夕刻の演習室。片付けをしながら、フェリシア様がふと私に声をかけてきた。
「ハルフォードさん。途中で、私の計算を止めてくれてありがとう」
彼女は自分の手元にあった、インクの染みがついた羊皮紙を見つめていた。
「私、自分は誰よりもうまく計画を立てられると思っていたわ。でも、完璧な計画を作れるからこそ、それが崩れた時に、何かを切り捨てて形を変えるという『決断』が遅れてしまう。あなたのあの見切りの速さがなければ、確実に時間切れで全滅していたわ」
フェリシア様は顔を上げ、私を真っ直ぐに見た。
「あなたはただの努力家じゃなかったのね。私には絶対に真似できない、実務の強みを持っている。……一緒に組めて、本当に助かったわ」
天才からの、対等な実務家としての明確な承認。
私は胸の奥が熱くなるのを感じながら、静かに首を振った。
「私一人では、決断したところでその後の再計算が絶対に追いつきませんでした。フェリシア様の速さがあったからこそ、あの無茶な案が成立したんです」
私は、自分がすべての能力で彼女に勝つ必要などないのだと、心から理解していた。
私は天才にならなくていい。ただ、彼女が計算に詰まった時、私が横から盤面を整理してあげられれば、それで十分に私の価値はあるのだ。

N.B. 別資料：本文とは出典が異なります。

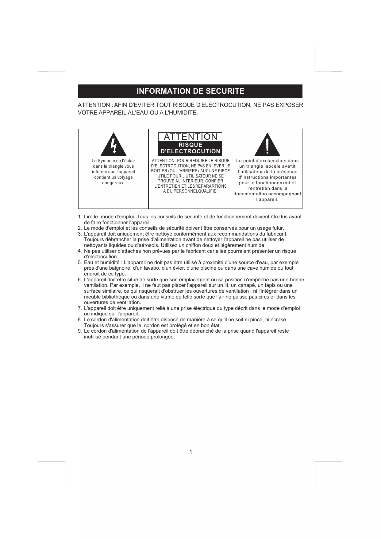 - Lire le mode d'emploi. Tous les conseils de sécurité et de fonctionnement doivent être lus avant de faire fonctionner l'appareil.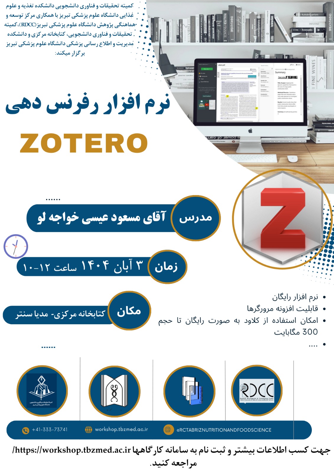دانشکده مدیریت و اطلاع رسانی پزشکی با همکاری مرکز توسعه و هماهنگی پژوهش دانشگاه و کتابخانه مرکزی اقدام به برگزاری کارگاه "کارگاه آشنایی با نرم افزاررفرنس دهی Zotero" ویژه اعضای هیئت علمی، محققین و دانشجویان در تاریخ ۳ آبان ماه خواهد کرد. برای ثبت نام و دریافت اطلاعات بیشتر به وب سایت

「これからも、よろしくお願いしますわね。ハルフォードさん」
「ええ。こちらこそ、フェリシア様」
私たちは、互いの足りない部分を補い合う仲間として、初めて小さく微笑み合った。
翌日。
大講堂に集められた私たちに、学院長自らが教壇に立ち、重々しい声で告げた。
「諸君。いよいよ来週の火曜日が、王都の救恤局における『卒業最終実習』の本番日となる。これまでのあらゆる科目の集大成だ。心して臨むように」
講堂内が期待と緊張に包まれる中、学院長は少しだけ表情を硬くして言葉を継いだ。
「ただし、当日の環境は決して平穏とは限らない。諸君も耳にしているかもしれないが、現在、王都の一部で不穏な動きがある」
私は息を呑んだ。
「財政院の主導による、救恤局の『支援停止措置』……あの制度改定によって切り捨てられた者たちが、決定に対する大規模な抗議活動を、まさに実習の当日、救恤局の窓口で行うという予告が届いている」
演習室での仮想のトラブルではない。
私たちが実習を行うその日に、本物の現実の不満と怒りが、窓口へ押し寄せてくるというのだ。